Electron transfer efficiency in liquid xenon across THGEM holes

TL;DR

This paper investigates the electron transfer efficiency in liquid xenon using THGEM electrodes, demonstrating near-perfect transfer efficiencies and analyzing their voltage dependence through experiments and simulations, which could impact future detector designs.

Contribution

It provides experimental evidence that THGEMs coated with VUV photocathodes can achieve nearly 100% electron transfer efficiency in liquid xenon, informing future detector development.

Findings

Transfer efficiencies approaching 100% were achieved.

Efficiency depends on voltage and matches simulation predictions.

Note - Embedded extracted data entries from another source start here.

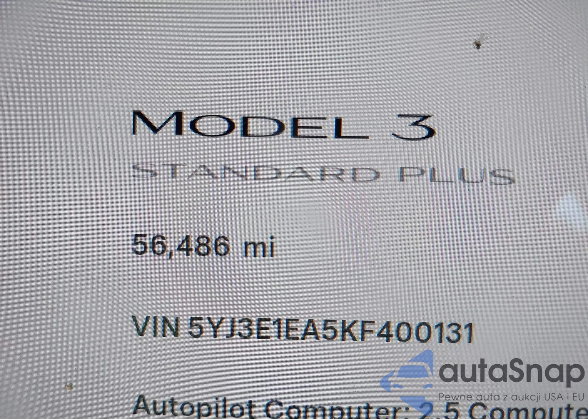 LOT: 42572676 VIN: 5YJ3E1EA5KF400131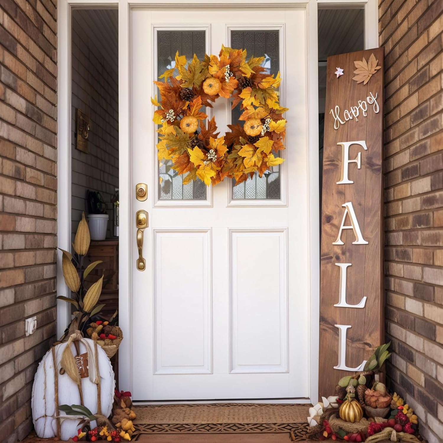 - 【Premium Quality Materials】Crafted with a focus on durability and visual richness, this 22-23 inch fall door wreath for front door is designed to maintain its vibrant colors and lifelike details throughout the season. Each element is carefully assembled to create a full, lush appearance that stays fresh and welcoming.Built to last, it offers a reliable and beautiful display you can enjoy autumn after autumn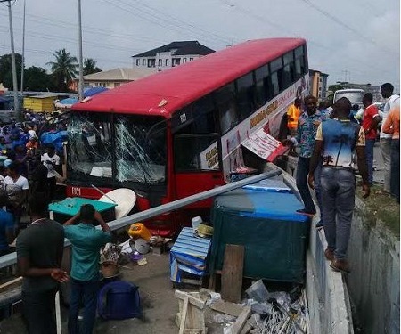 A LagBus crashed today after the driver lost control during commercial activities at Igbo-Efon area of Lagos.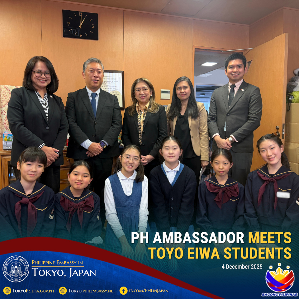 2025年11月7日東洋英和女学院小学部の国際交流クラブ児童が在日フィリピン大使館を訪問、フィリピン語と文化について理解を深めたことを受け、大使は同学校より返礼訪問の招待を受けました。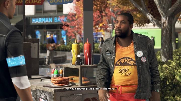 Во второй сцене Detroit: Become Human, Оттенки цвета, появился новый персонаж - Маркус, один из главных героев и «человек бурной натуры» (этот термин относится к андроидам). Ваша первая задача - собрать краску в магазине, отмеченным маркером миссии - видимым после нажатия R2.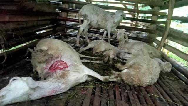 “Saat Saya akan beri makan kambing tadi pas pukul 05.30 WIB, biasanya kan mereka pada berdiri menunggu pakan diberikan. Nah, ini malah pada diam saja, tak ada yang berdiri, terus pas dicek eh ternyata tinggal separuh, yang lainnya mati dengan luka di leher,” ujarnya.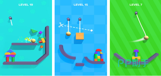 清新简洁的画风,悦耳又动听的背景音乐,让整款游戏的节奏感更加强悍。其中涵盖的关卡内容特别丰富,每个关卡中的要求和操作方式都完全不同,在没有时间限制的情况之下,玩家只要通过滑动屏幕,就能将牵着小球的绳子彻底割断,以此让小球击中积木,就能顺利完成闯关,游戏比较考验玩家的反应能力以及掌握的力度。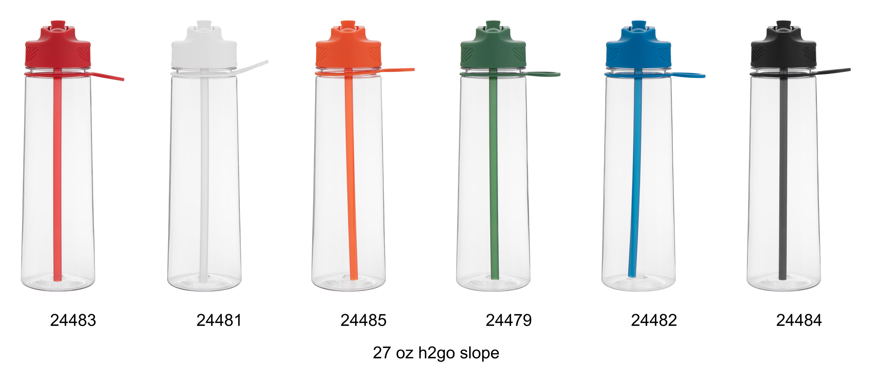 The h2go Slope 27 oz bottle is a lightweight hydration essential with convenient, drink-on-the-go features. Made from BPA-free copolyester, this single wall bottle includes a threaded lid with a flip-up spout and a matching carrying loop for easy transport. Perfect for cold beverages at the gym, the office, or wherever the day takes you.

Results support the use of THGEMs in advanced liquid xenon detectors.

Abstract

Dual-phase liquid-xenon time projection chambers (LXe TPCs) deploying a few tonnes of liquid are presently leading the search for WIMP dark matter. Scaling these detectors to 10-fold larger fiducial masses, while improving their sensitivity to low-mass WIMPs presents difficult challenges in detector design. Several groups are considering a departure from current schemes, towards either single-phase liquid-only TPCs, or dual-phase detectors where the electroluminescence region consists of patterned electrodes. Here, we discuss the possible use of Thick Gaseous Electron Multipliers (THGEMs) coated with a VUV photocathode and immersed in LXe as a building block in such designs. We focus on the transfer efficiencies of ionization electrons and photoelectrons emitted from the photocathode through the electrode holes, and show experimentally that efficiencies approaching 100 % can be achieved with realistic voltage settings. The observed voltage dependence of the transfer efficiencies is consistent with electron transport simulations once diffusion and charging-up effects are included.